Retype the whole listing below exactly, keeping every picture out of it.

## [Raw data]
# # # #

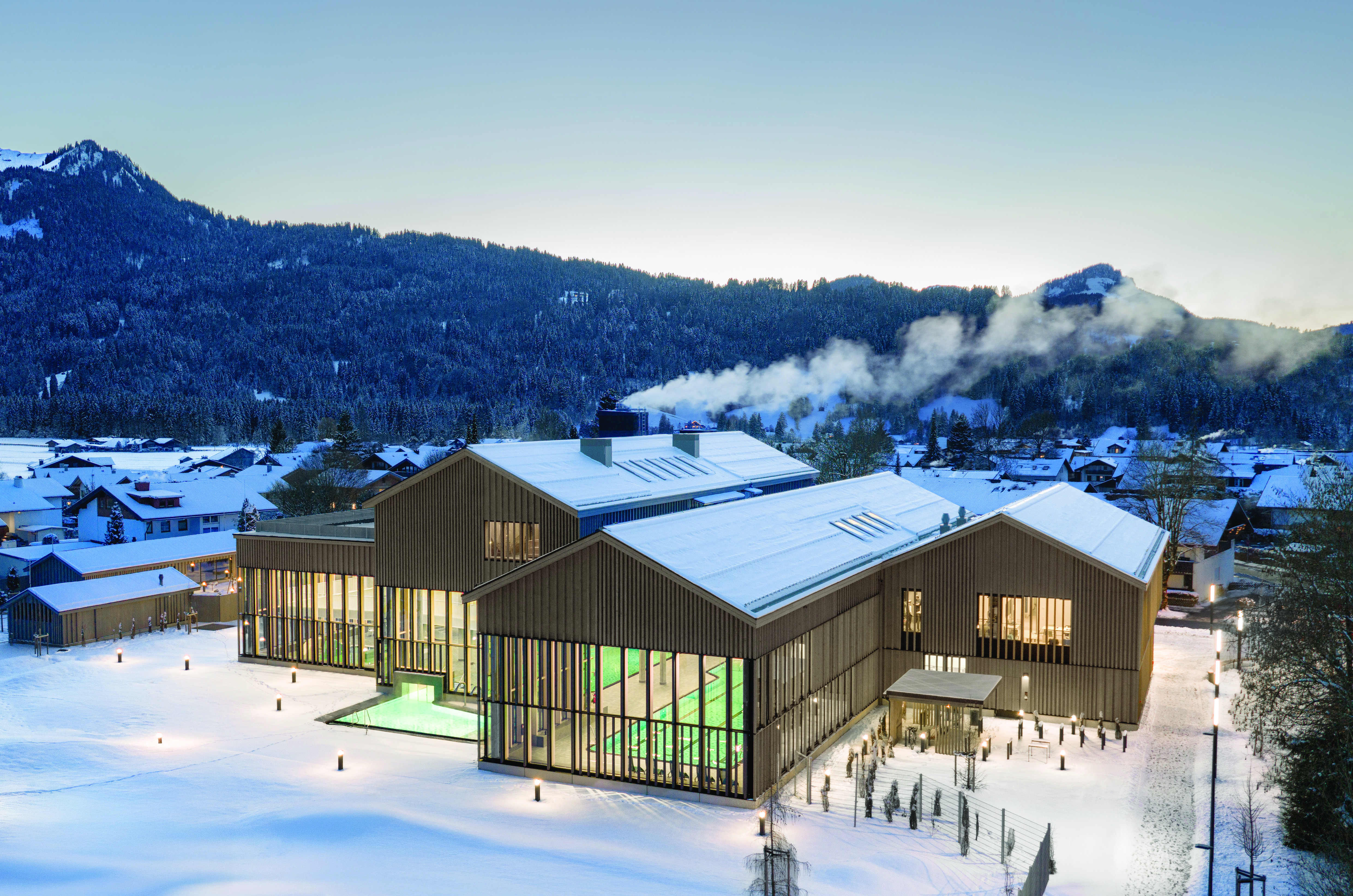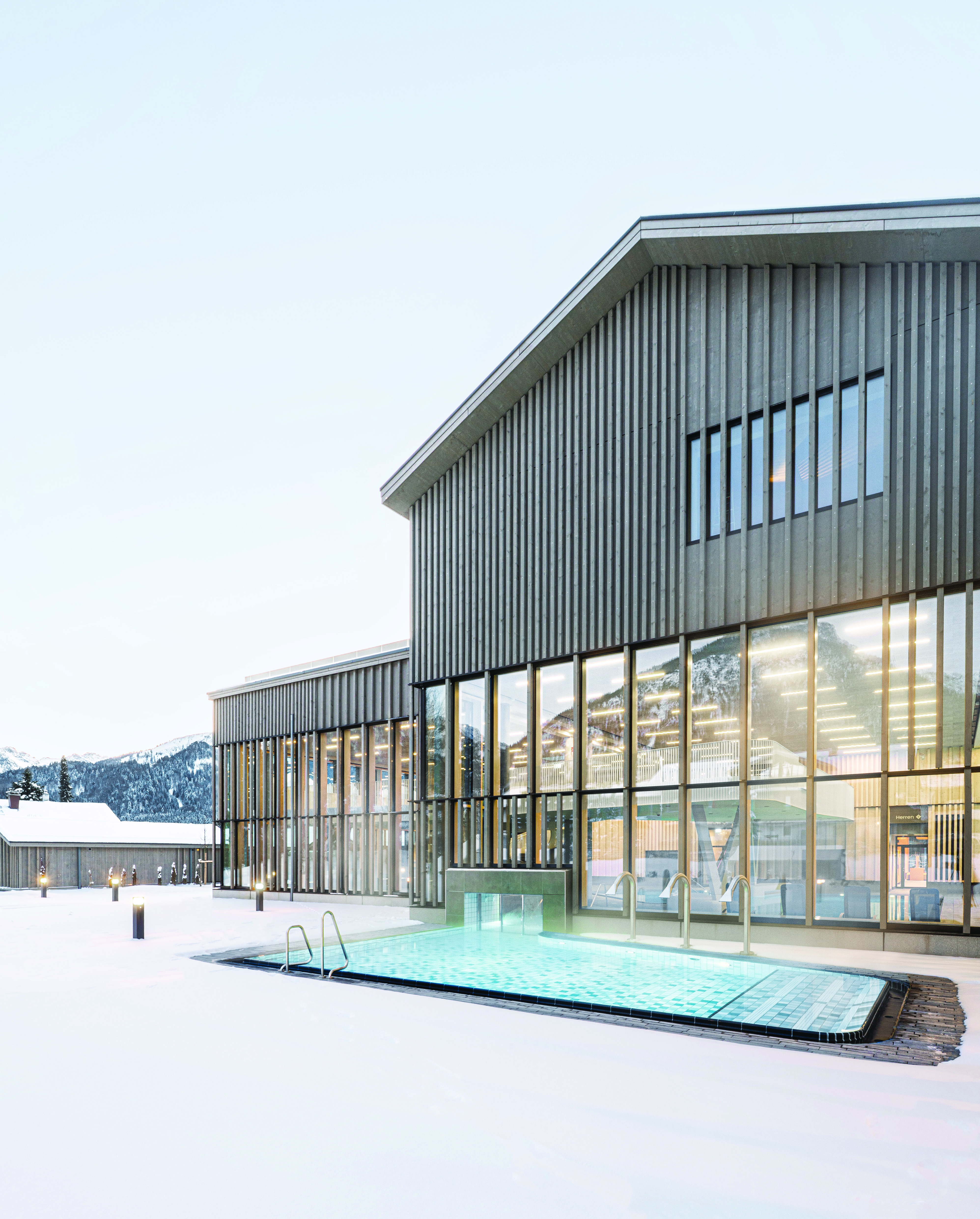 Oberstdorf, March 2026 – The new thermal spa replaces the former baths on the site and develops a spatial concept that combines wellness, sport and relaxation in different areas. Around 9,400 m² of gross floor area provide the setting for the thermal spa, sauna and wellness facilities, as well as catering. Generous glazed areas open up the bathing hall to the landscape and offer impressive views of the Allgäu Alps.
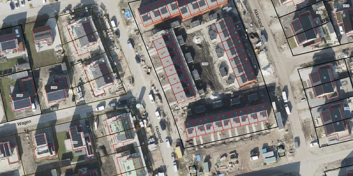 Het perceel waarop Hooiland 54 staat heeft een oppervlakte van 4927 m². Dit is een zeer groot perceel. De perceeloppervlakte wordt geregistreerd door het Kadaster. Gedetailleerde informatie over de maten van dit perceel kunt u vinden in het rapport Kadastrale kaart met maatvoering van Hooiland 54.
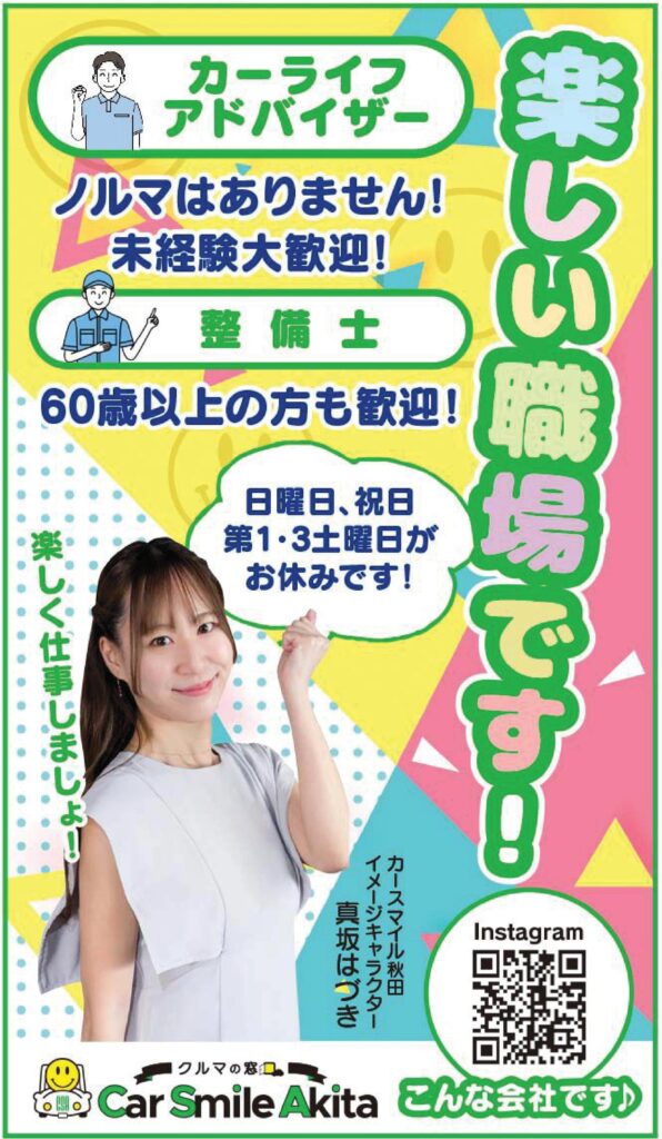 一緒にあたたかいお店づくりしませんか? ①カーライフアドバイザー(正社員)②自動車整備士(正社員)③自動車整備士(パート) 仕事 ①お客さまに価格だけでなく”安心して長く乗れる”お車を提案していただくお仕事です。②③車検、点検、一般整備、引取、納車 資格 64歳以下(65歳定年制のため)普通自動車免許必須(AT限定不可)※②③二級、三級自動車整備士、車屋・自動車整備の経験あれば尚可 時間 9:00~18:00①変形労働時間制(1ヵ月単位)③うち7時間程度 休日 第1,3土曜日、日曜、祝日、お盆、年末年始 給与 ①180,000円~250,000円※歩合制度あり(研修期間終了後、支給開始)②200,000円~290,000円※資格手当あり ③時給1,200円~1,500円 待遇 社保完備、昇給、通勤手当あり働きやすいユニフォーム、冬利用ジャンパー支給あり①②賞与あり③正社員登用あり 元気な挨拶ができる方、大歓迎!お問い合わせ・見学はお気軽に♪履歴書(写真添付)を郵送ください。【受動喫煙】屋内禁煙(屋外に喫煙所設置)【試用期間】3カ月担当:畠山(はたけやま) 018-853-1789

# # # #

## [Finished exercise]
 Oberstdorf, March 2026 – The new thermal spa replaces the former baths on the site and develops a spatial concept that combines wellness, sport and relaxation in different areas. Around 9,400 m² of gross floor area provide the setting for the thermal spa, sauna and wellness facilities, as well as catering. Generous glazed areas open up the bathing hall to the landscape and offer impressive views of the Allgäu Alps.
 Het perceel waarop Hooiland 54 staat heeft een oppervlakte van 4927 m². Dit is een zeer groot perceel. De perceeloppervlakte wordt geregistreerd door het Kadaster. Gedetailleerde informatie over de maten van dit perceel kunt u vinden in het rapport Kadastrale kaart met maatvoering van Hooiland 54.
 一緒にあたたかいお店づくりしませんか? ①カーライフアドバイザー(正社員)②自動車整備士(正社員)③自動車整備士(パート) 仕事 ①お客さまに価格だけでなく”安心して長く乗れる”お車を提案していただくお仕事です。②③車検、点検、一般整備、引取、納車 資格 64歳以下(65歳定年制のため)普通自動車免許必須(AT限定不可)※②③二級、三級自動車整備士、車屋・自動車整備の経験あれば尚可 時間 9:00~18:00①変形労働時間制(1ヵ月単位)③うち7時間程度 休日 第1,3土曜日、日曜、祝日、お盆、年末年始 給与 ①180,000円~250,000円※歩合制度あり(研修期間終了後、支給開始)②200,000円~290,000円※資格手当あり ③時給1,200円~1,500円 待遇 社保完備、昇給、通勤手当あり働きやすいユニフォーム、冬利用ジャンパー支給あり①②賞与あり③正社員登用あり 元気な挨拶ができる方、大歓迎!お問い合わせ・見学はお気軽に♪履歴書(写真添付)を郵送ください。【受動喫煙】屋内禁煙(屋外に喫煙所設置)【試用期間】3カ月担当:畠山(はたけやま) 018-853-1789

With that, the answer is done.